Dalam melaksanakan rekayasa genetik, manusia harus menentukan apakah
modifikasi genetik pada suatu organisme, dalam kasus ini tanaman, akan melanggar
kode etik atau tidak. Hal lain yang perlu diperhatikan adalah apakah dengan adanya
tanaman transgenik tersebut akan mempengaruhi ekosistem dan keseluruhan
biodiversitas. Secara keseluruhan, dalam pemanfaatan produk hasil bioteknologi juga
harus meninjau dari segi dampak yang diakibatkan.
2. Stem Cell
Stem cell merupakan suatu sel prekursor yang berpotensi untuk berkembang
menjadi berbagai macam sel yang berbeda. Sel stem dapat dibedakan menjadi sel stem
embrionik dan sel stem dewasa. Sel stem embrionik adalah sel yang diambil dari inner
cell mass yaitu suatu kumpulan sel yang terletak di satu sisi blastocyst yang berumur 5
hari dan terdiri dari 100 sel. Sel stem ini mempunyai sifat dapat berkembang biak secara
terus menerus dalam media kultur optimal dan pada keadaan tertentu dapat diarahkan
untuk berdiferensiasi menjadi berbagai sel yang terdiferensiasi seperti sel jantung, sel
kulit, neuron, hepatosit dan sebagainya.
Sel stem dewasa (Adult stem cells) adalah sel stem yang terdapat di semua organ
tubuh, terutama di dalam sumsum tulang dan berfungsi melakukan regenerasi untuk
mengatasi berbagai kerusakan yang selalu terjadi dalam kehidupan. Sel stem dewasa
dapat diambil dari fetus (fetal stem cells), sumsum tulang (bone marrow stem cells),
darah perifer atau tali pusat (umbilical cord blood stem cells, UCB).

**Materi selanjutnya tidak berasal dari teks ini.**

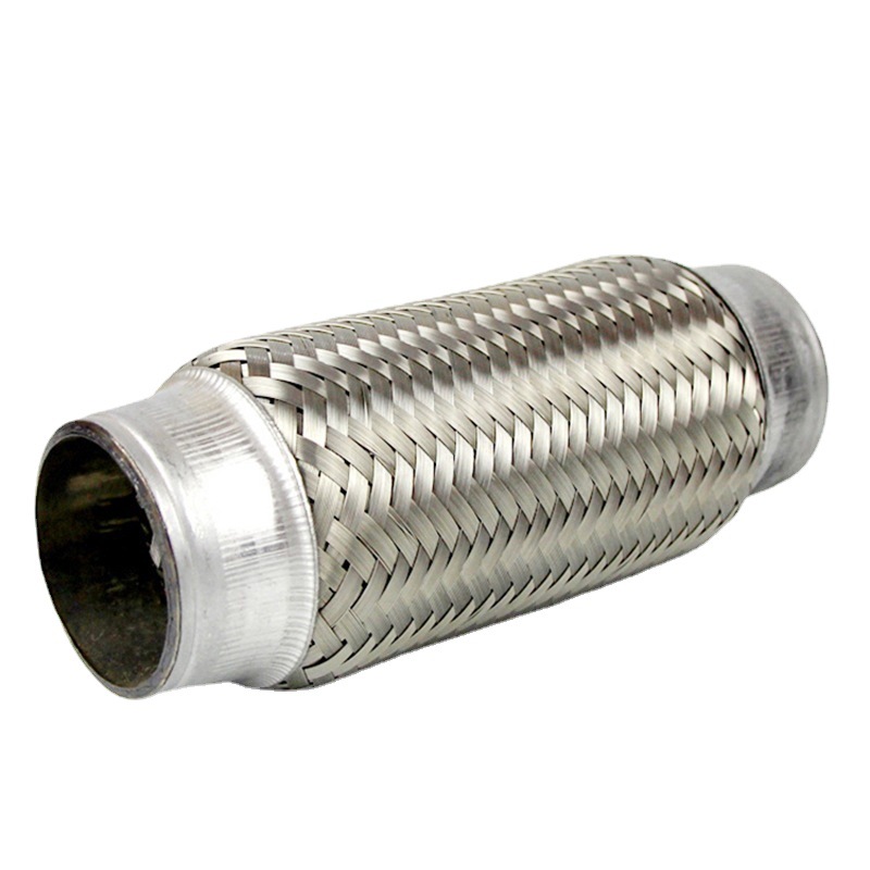 汽车排气波纹管又称汽车排气管软管,它安装于发动机排气支管和消声器之间的排气管中,使整个排气系统呈挠性联接,从而起到减振降噪、方便安装和延长排气消声系统寿命的作用。它主要用于轻型车、微型车和客车,其结构是单双层波纹管外覆钢丝网套,两端直边段外套卡环的结构,为使消声效果更佳,波纹管内部可配伸缩节或网套。材质:主要材质是不锈钢,卡套和接管材质可为不锈钢或镀铝钢。

Sel stem embrionik sangat plastis dan mudah dikembangkan menjadi berbagai
macam jaringan sel, seperti neuron, kardiomiosit, osteoblast, fibroblast dan sebagainya.,
sehingga dapat dipakai untuk transplantasi jaringan yang rusak. Lagipula
immunogenicity nya rendah, selama belum mengalami diferensiasi. Sel stem dewasa
juga bisa dipakai untuk mengobati berbagai penyakit degeneratif, tetapi plastisitasnya
sudah berkurang. Mengingat masalah etik, maka banyak negara lebih mengutamakan
penelitian pemanfaatan sel stem dewasa pada berbagai penyakit degeneratif, sehingga
tidak dihadapkan pada masalah dan kontroversi etika (Setiawan, 2006).
Embrio memiliki status sama dengan anak atau manusia karena memiliki genom
manusia secara lengkap, dan berpotensi untuk berkembang menjadi manusia
(Darmanto, 2009). Menurut Thieman (2004) sel stem embrio secara teoritis dapat
digunakan untuk membentuk jaringan lain, dengan transplantasi untuk memperbaiki
atau mengganti jaringan yang rusak atau sakit. Hal ini memberi kesan menggunakan sel
stem embrio manusia untuk penelitian, jika dari proses tersebut memungkinkan untuk
melakukan penelitian yang potensial dapat mengobati penyakit pasien.
3. Penerapan Bioteknologi Kloning
Klon embrio dihasilkan dengan mentransfer embrio ke uterus, dianjutkan proses
implantasi dan penyempurnaan tubuh dengan resiko dan faktor keamanan dalam
perkembangan dan pertumbuhan, baik sebelum maupun sesudah kelahiran. Tingkat
keberhasilan hidup saat lahir dan ketahanan hidup organisme hasil kloning rendah dan
tengah diperdebatkan apakah hasil kloning manusia secara nyata dapat hidup secara
sehat dan normal. Pertanyaan masyarakat tentang penelitian kelahiran kloning manusia
juga harus dipikirkan. Sebagai contoh, jika suatu pasangan memutuskan untuk
mendapatkan anak dengan teknik kloning, dengan menggunakan sel donor dari istri,
klonnya secara genetik tidak akan menjadi anak perempuan melainkan menjadi saudar
dari istri, seperti saudara kembar yang lahirnya terlambat, dan bukan keluarga dari
suami. Pemikiran secara etis tentang hubungan keluarga dari hasil klon berisi tentang
bagaimana dengan adanya ketiadaan hubungan keluarga dengan orang tua mungkin
akan mengubah hubungan keluarga.
Bagi pihak yang pro akan adanya kloning, kloning dianggap menguntungkan
karena bagi manusia yang ingin punya keturunan, tapi karena satu dan lain hal tidak
bisa mendapat anak dengan cara yang biasa. Memungut anak adalah suatu solusi, tapi
anak itu secara biologis adalah anak orang lain. Dengan kloning, bisa dipastikan sang
anak secara biologis berasal dari ayah atau ibunya, yaitu orang yang menyumbangkan
sel DNA-nya. Alasan kedua adalah dengan kloning merupakan suatu cara sempurna
untuk mendapatkan anak, sebab mereka tidak harus menikahi seorang lain dari lawan
jenis. Alasan ketiga adalah merupakan suatu anugrah besar bagi masyarakat bila
diciptakan kloning diri sendiri jika diri mereka begitu cerdas dan hebat.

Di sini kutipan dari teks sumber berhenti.